Chinese Discourse Segmentation Using Bilingual Discourse Commonality
This work addresses discourse segmentation for Chinese, a domain-specific NLP task, by introducing a bilingual approach that improves performance with limited labeled data, though it is incremental in method.
The paper tackled Chinese discourse segmentation by redefining Elementary Discourse Units (EDUs) based on RST-DT and using bilingual data to extract common and language-specific features via an adversarial neural network, resulting in models that outperformed baselines by leveraging English labeled data and minimal Chinese annotations.

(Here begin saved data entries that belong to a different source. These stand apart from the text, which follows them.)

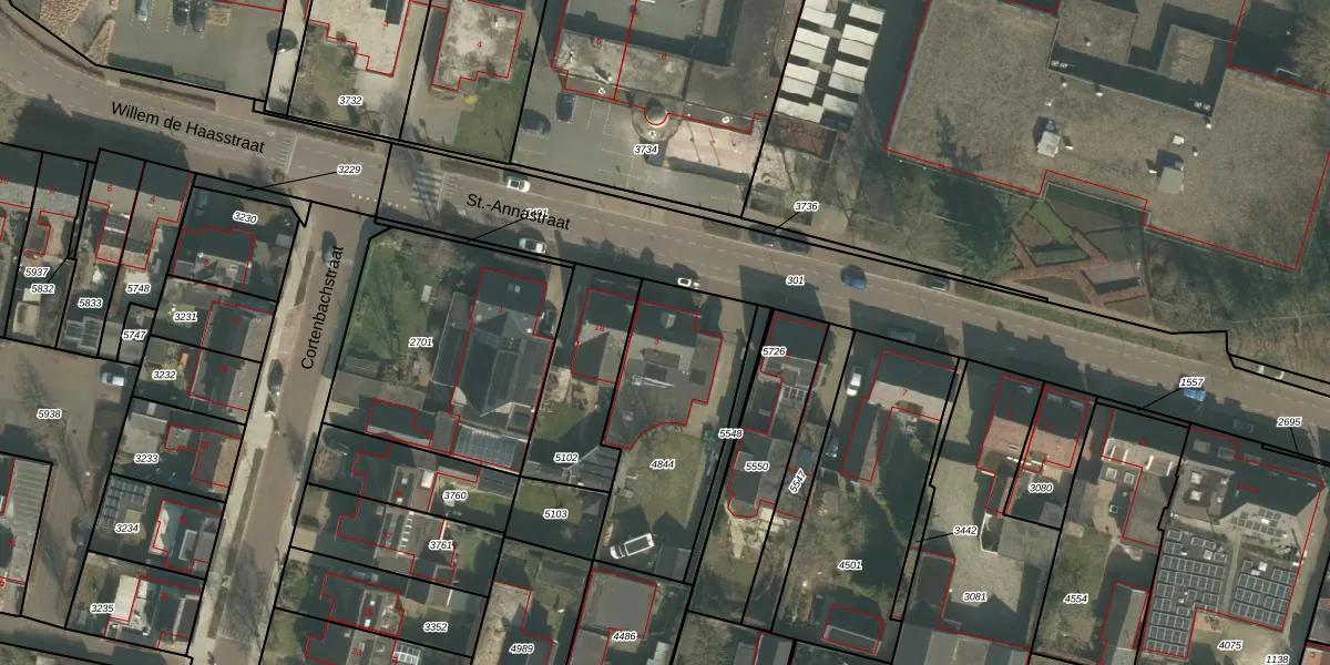 Het perceel waarop St.-Annastraat 3 staat heeft een oppervlakte van 708 m². Dit is een groot perceel. De perceeloppervlakte wordt geregistreerd door het Kadaster. Gedetailleerde informatie over de maten van dit perceel kunt u vinden in het rapport Kadastrale kaart met maatvoering van St.-Annastraat 3.
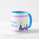 Beautiful fairytale mug in blue, pink, and yellow, with graphics of a fairytale castle. Customize with your own Princesses name for a fun personalized special occasion gift.
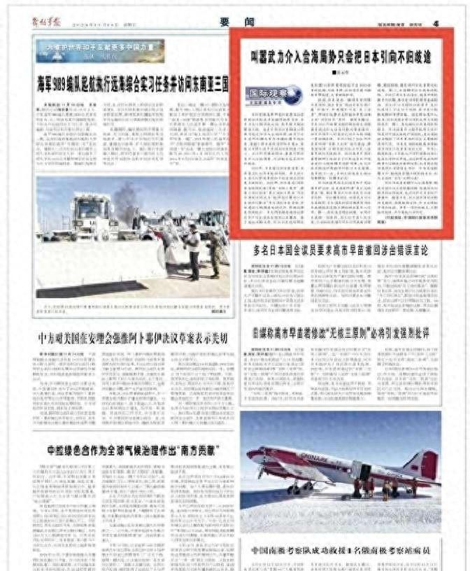 涉台挑衅自寻绝路!日本右翼冒险,中方迎头痛击加经济反制 日本政客公然将台湾问题挂在嘴边,还扬言要武力介入,这已经不是简单的言论越界。 解放军报直接亮明态度,再敢迈出危险一步,整个日本都可能沦为战场。 本来中日关系就需要谨慎维护,偏偏有人非要往火坑里跳。 这波操作不光让国际社会聚焦,更把日本自己推到了风口浪尖,后续的连锁反应怕是始作俑者都没算明白。 高市早苗作为日本首相,公开妄议台海问题确实打破了之前的惯例。 她不光嘴上说得硬,还计划明年年底修订安保三文件,目的很明确,就是要增加军费搞扩军。 这些年日本的防卫预算一路上涨,武器出口限制也越放越宽,明眼人都能看出其军事扩张的心思。 日本国内也不是没人清醒,前首相石破茂和野田佳彦就明确表示,台海问题太敏感,不该公开表态把日本绑上战车。 立宪民主党官员在电视节目里直接批评高市早苗对安保法律理解不深,对台湾问题认知有欠缺。 就连自民党内部也有人反思,觉得不该说这种没分寸的话。 面对这种挑衅,中方的回应又快又硬。 外交部、国防部、国台办还有驻日使馆,短短几天内密集发声,明确警告敢介入就迎头痛击。 光说不够,海军编队穿越大隅海峡,黄海实弹射击训练,用实际行动证明不是吓唬人。 解放军的常态化演训,既针对台独分裂势力,也给外部干涉者敲了警钟。 日本的冒险举动也让周边国家提高了警惕,中俄朝在涉台涉日问题上多次协调立场。 三国在地区安全问题上的态度逐渐一致,如果日本真要借台海问题搞扩张,恐怕要面临集体反制。 这种战略层面的联动,不是凭空猜测,而是基于共同维护地区和平的诉求。 挑衅带来的后果很快就显现了。 中方多个部门接连发布预警,提醒民众暂时别去日本,留学也要谨慎规划。 这不是什么经济制裁,而是因为在日中国公民遭遇的违法犯罪案件越来越多,安全得不到保障。 日本媒体之所以慌了,是因为中国游客对他们的旅游业太重要,真要是没人去,损失可不小。 无奈之下,日本想借G20峰会和中方沟通,但直到现在也没个准信。 东京街头有上百名民众自发集会,高喊让高市早苗辞职道歉的口号。 日本学者也联名呼吁,认为她的言论是历史修正主义抬头,最终会损害日本自身的安全和经济。 台湾是中国的一部分,这是国际社会公认的事实,任何外部势力都无权干涉。 日本右翼的挑衅,既违背历史潮流,也不符合日本自身利益,内外承压都是自找的。 中方的每一步回应,都是在维护国家主权和领土完整,没有丝毫妥协的余地。 中日关系的发展需要双方珍惜,日本该认清形势,停止错误言行。 中国维护国家统一的决心不会动摇,不管是谁,只要敢伸手干涉台海问题,必将付出应有的代价。 玩火者必自焚,这个道理希望日本某些势力能早点明白。
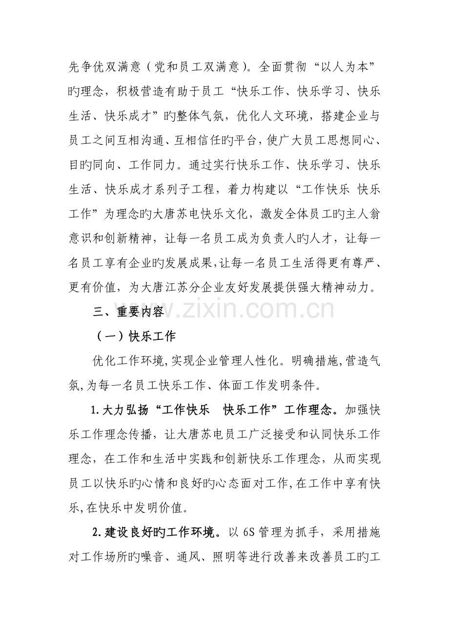 1.大力弘扬“工作快乐 快乐工作”工作理念。加强快乐工作理念传播,让大唐苏电员工广泛接受和认同快乐工作理念,在工作和生活中实践和创新快乐工作理念,从而实现员工以快乐旳心情和良好旳心态面对工作,在工作中享有快乐,在快乐中发明价值。
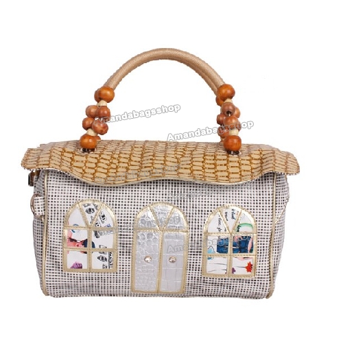 Lovely Crocodile Grain Case Grain Small Houses Form Wooden Ball Adornment Shoulder Bags |

Discourse segmentation aims to segment Elementary Discourse Units (EDUs) and is a fundamental task in discourse analysis. For Chinese, previous researches identify EDUs just through discriminating the functions of punctuations. In this paper, we argue that Chinese EDUs may not end at the punctuation positions and should follow the definition of EDU in RST-DT. With this definition, we conduct Chinese discourse segmentation with the help of English labeled data.Using discourse commonality between English and Chinese, we design an adversarial neural network framework to extract common language-independent features and language-specific features which are useful for discourse segmentation, when there is no or only a small scale of Chinese labeled data available. Experiments on discourse segmentation demonstrate that our models can leverage common features from bilingual data, and learn efficient Chinese-specific features from a small amount of Chinese labeled data, outperforming the baseline models.